▸ **DIRECTIONS**:
Print the lines in the listing below that fall between the line with "Light Purple 3D" and the line with "多機能 プレス式 ロングハンドル", those two lines included, exactly as they stand and with nothing else.

ENTRIES PROVIDED Block Start

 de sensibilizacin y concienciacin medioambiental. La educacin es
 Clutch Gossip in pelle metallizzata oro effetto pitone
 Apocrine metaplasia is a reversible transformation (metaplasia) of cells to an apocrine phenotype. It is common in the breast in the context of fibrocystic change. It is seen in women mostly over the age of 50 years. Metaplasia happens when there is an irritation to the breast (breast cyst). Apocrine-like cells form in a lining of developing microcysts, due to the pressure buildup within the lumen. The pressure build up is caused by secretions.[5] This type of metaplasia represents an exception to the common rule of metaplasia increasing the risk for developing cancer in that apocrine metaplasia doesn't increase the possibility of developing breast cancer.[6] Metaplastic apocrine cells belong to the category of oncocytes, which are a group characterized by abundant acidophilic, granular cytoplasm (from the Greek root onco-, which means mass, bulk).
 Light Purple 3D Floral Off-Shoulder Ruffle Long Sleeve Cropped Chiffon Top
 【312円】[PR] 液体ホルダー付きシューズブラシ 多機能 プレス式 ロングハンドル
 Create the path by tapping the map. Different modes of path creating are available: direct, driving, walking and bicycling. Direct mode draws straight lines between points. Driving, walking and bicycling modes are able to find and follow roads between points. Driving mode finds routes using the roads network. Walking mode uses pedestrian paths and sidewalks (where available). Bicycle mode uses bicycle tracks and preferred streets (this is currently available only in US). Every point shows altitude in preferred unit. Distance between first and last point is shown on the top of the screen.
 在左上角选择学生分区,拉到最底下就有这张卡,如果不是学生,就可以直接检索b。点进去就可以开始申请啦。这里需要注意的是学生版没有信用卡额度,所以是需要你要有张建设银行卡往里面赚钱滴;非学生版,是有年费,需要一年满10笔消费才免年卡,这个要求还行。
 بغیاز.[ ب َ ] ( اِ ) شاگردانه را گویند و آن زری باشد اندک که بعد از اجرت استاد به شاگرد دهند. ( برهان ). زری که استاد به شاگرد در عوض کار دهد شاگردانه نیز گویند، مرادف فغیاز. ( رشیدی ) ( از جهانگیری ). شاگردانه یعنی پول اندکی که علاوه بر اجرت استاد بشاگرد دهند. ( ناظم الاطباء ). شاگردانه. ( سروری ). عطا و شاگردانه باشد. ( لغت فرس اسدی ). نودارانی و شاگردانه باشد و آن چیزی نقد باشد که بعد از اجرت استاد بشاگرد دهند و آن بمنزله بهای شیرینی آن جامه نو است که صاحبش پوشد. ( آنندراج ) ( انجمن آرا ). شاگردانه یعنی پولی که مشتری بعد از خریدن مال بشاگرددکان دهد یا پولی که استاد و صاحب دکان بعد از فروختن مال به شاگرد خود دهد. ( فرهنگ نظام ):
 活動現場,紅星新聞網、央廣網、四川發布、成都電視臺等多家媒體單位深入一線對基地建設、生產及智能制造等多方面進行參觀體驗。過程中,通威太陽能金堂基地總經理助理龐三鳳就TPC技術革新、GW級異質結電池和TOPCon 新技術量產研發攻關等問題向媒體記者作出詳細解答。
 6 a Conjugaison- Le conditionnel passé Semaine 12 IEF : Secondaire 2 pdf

ENTRIES PROVIDED Block End
ENTRIES PROVIDED Block Start

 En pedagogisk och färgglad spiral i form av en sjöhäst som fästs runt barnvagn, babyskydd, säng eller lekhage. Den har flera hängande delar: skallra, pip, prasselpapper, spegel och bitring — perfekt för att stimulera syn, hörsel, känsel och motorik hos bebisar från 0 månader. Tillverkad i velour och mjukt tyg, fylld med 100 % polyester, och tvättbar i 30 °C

ENTRIES PROVIDED Block End

▸ **RESULT**:
 Light Purple 3D Floral Off-Shoulder Ruffle Long Sleeve Cropped Chiffon Top
 【312円】[PR] 液体ホルダー付きシューズブラシ 多機能 プレス式 ロングハンドル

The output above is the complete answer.